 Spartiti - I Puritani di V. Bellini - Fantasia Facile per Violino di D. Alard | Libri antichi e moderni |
§ §
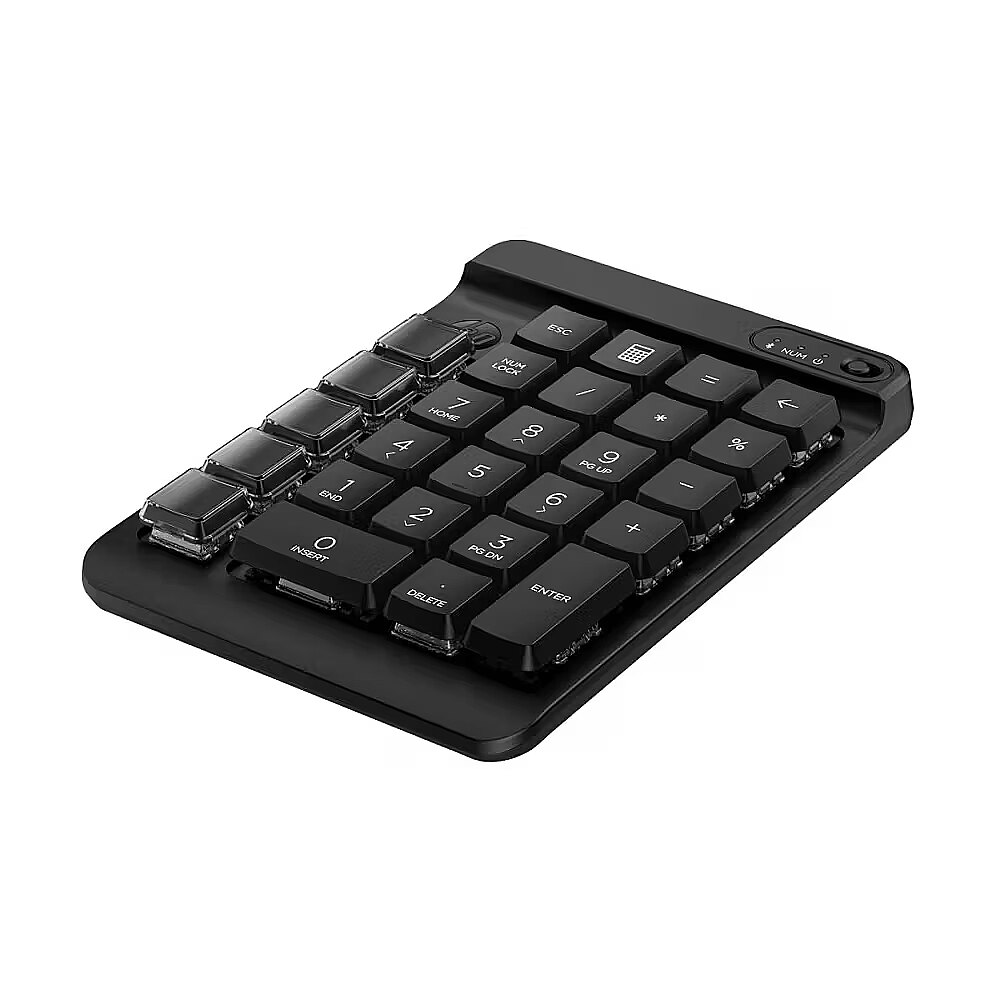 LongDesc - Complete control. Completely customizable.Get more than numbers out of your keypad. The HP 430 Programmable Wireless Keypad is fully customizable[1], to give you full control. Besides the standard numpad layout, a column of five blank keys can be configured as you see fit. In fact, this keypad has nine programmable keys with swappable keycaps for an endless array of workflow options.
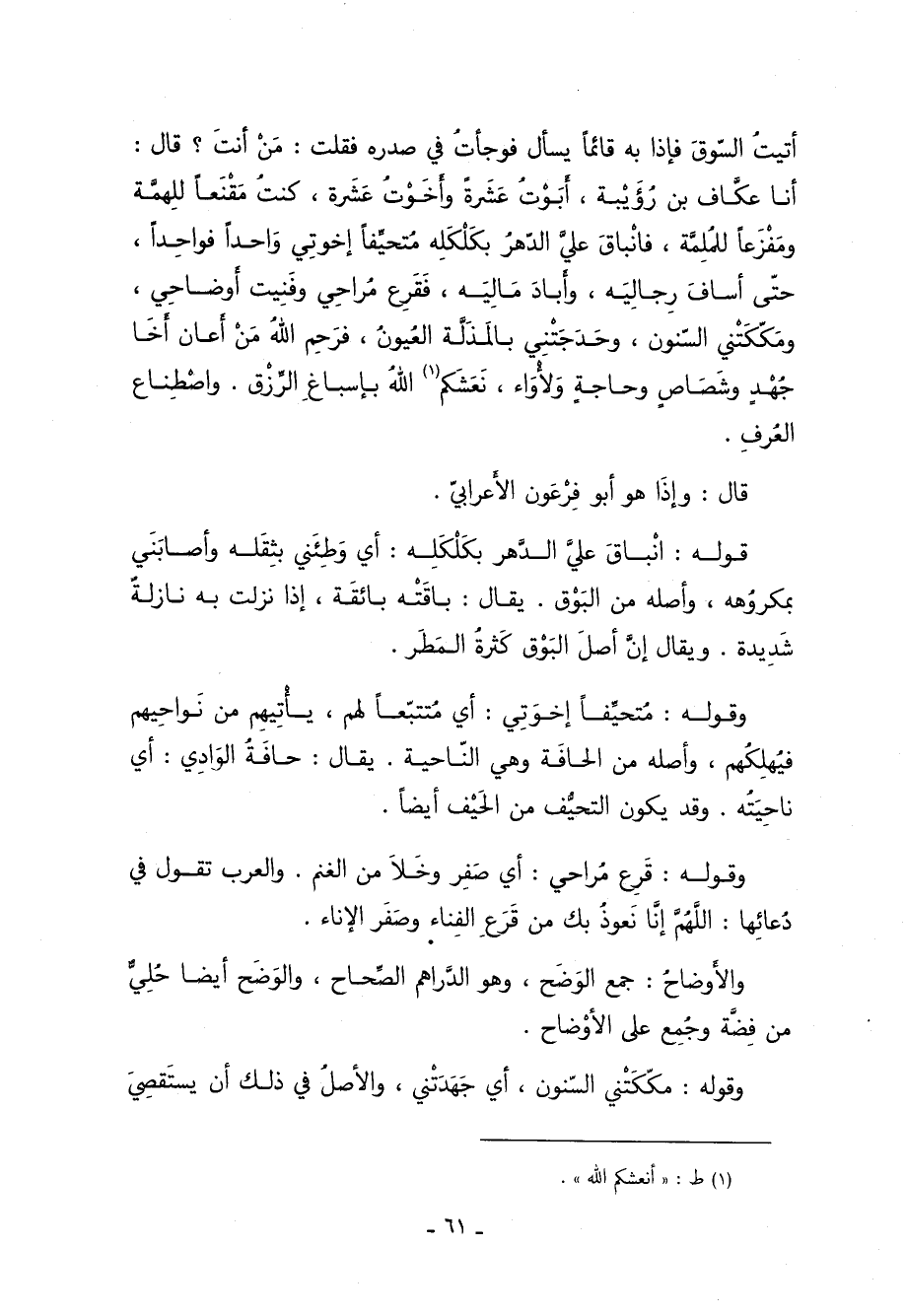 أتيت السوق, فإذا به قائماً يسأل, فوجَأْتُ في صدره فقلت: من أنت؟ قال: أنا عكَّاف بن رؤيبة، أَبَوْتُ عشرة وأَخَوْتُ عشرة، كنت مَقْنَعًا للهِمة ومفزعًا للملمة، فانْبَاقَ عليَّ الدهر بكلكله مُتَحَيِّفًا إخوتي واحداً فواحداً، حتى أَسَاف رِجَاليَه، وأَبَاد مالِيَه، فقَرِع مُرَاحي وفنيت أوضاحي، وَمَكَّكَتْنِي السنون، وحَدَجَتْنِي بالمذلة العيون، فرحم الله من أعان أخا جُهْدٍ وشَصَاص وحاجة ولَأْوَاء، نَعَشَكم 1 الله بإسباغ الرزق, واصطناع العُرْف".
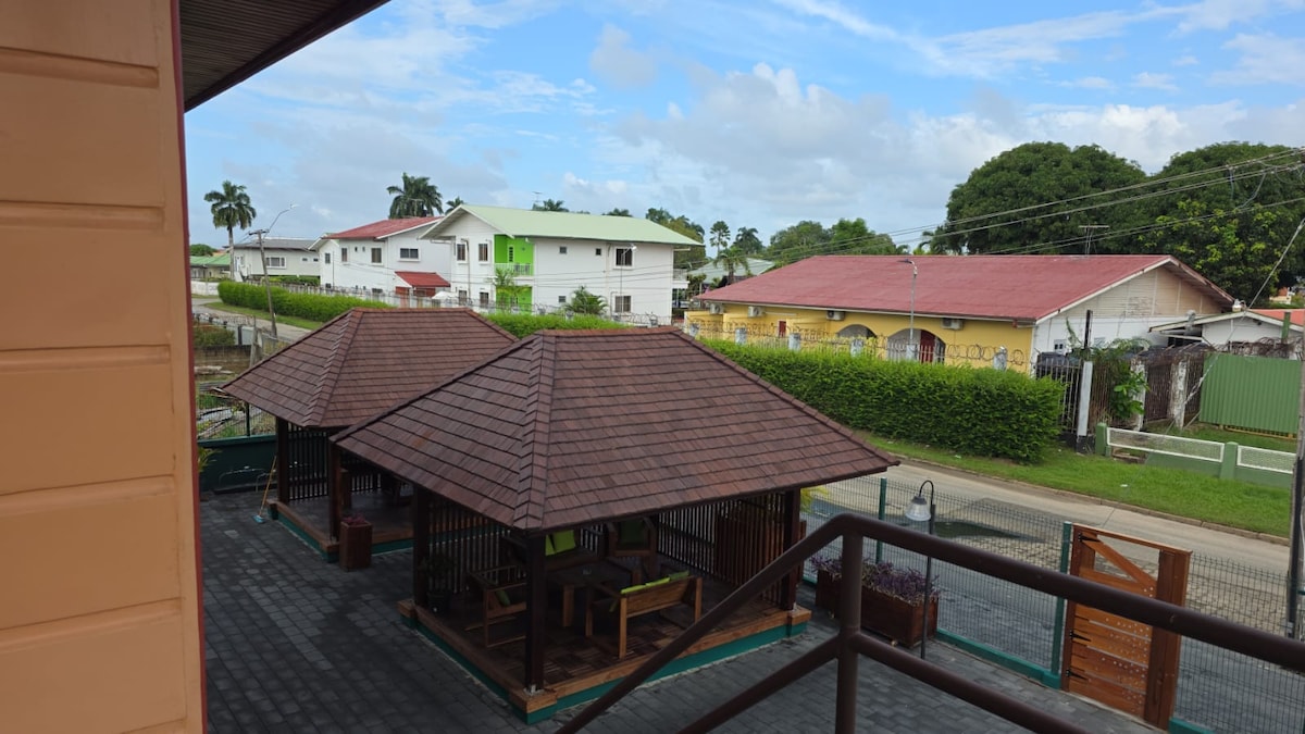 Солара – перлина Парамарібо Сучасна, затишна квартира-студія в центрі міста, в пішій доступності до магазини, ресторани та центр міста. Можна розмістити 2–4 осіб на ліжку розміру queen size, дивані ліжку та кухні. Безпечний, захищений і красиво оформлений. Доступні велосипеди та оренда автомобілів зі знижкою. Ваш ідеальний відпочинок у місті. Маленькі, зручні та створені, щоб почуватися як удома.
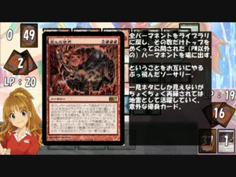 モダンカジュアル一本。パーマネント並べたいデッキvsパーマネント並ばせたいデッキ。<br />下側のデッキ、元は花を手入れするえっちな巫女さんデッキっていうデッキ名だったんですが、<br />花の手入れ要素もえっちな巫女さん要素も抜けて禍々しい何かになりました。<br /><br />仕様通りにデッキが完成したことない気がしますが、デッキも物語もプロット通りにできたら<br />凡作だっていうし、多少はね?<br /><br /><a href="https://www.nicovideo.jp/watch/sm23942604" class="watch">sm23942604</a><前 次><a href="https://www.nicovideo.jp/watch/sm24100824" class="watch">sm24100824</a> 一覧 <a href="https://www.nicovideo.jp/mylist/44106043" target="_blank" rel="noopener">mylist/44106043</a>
§ §
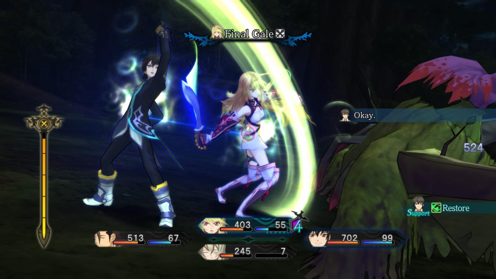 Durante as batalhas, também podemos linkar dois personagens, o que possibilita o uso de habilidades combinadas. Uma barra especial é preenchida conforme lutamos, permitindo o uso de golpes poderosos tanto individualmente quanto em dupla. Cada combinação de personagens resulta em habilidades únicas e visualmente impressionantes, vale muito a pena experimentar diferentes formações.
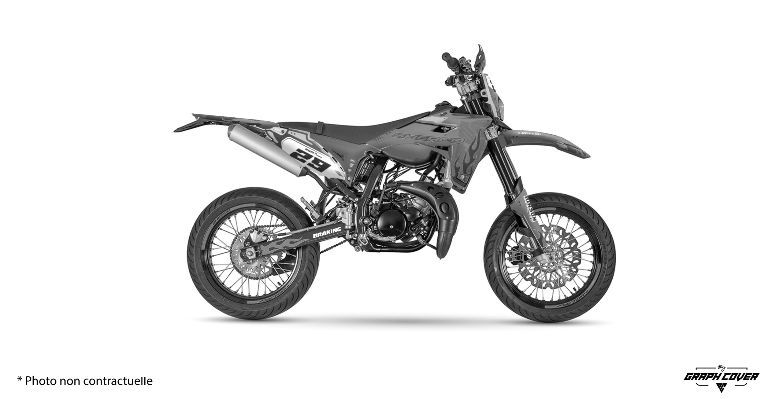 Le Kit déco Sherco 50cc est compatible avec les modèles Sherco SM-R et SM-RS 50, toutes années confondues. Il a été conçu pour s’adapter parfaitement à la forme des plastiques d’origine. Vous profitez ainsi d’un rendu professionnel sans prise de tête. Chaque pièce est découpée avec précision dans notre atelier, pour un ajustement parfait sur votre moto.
§ §
» **Task instructions**:
Start at the line containing "أتيت السوق, فإذا" above and stop at the line containing "Солара – перлина". Output those lines exactly, both included, but none of the pictures.

» **Exercise solution**:
 أتيت السوق, فإذا به قائماً يسأل, فوجَأْتُ في صدره فقلت: من أنت؟ قال: أنا عكَّاف بن رؤيبة، أَبَوْتُ عشرة وأَخَوْتُ عشرة، كنت مَقْنَعًا للهِمة ومفزعًا للملمة، فانْبَاقَ عليَّ الدهر بكلكله مُتَحَيِّفًا إخوتي واحداً فواحداً، حتى أَسَاف رِجَاليَه، وأَبَاد مالِيَه، فقَرِع مُرَاحي وفنيت أوضاحي، وَمَكَّكَتْنِي السنون، وحَدَجَتْنِي بالمذلة العيون، فرحم الله من أعان أخا جُهْدٍ وشَصَاص وحاجة ولَأْوَاء، نَعَشَكم 1 الله بإسباغ الرزق, واصطناع العُرْف".
 Солара – перлина Парамарібо Сучасна, затишна квартира-студія в центрі міста, в пішій доступності до магазини, ресторани та центр міста. Можна розмістити 2–4 осіб на ліжку розміру queen size, дивані ліжку та кухні. Безпечний, захищений і красиво оформлений. Доступні велосипеди та оренда автомобілів зі знижкою. Ваш ідеальний відпочинок у місті. Маленькі, зручні та створені, щоб почуватися як удома.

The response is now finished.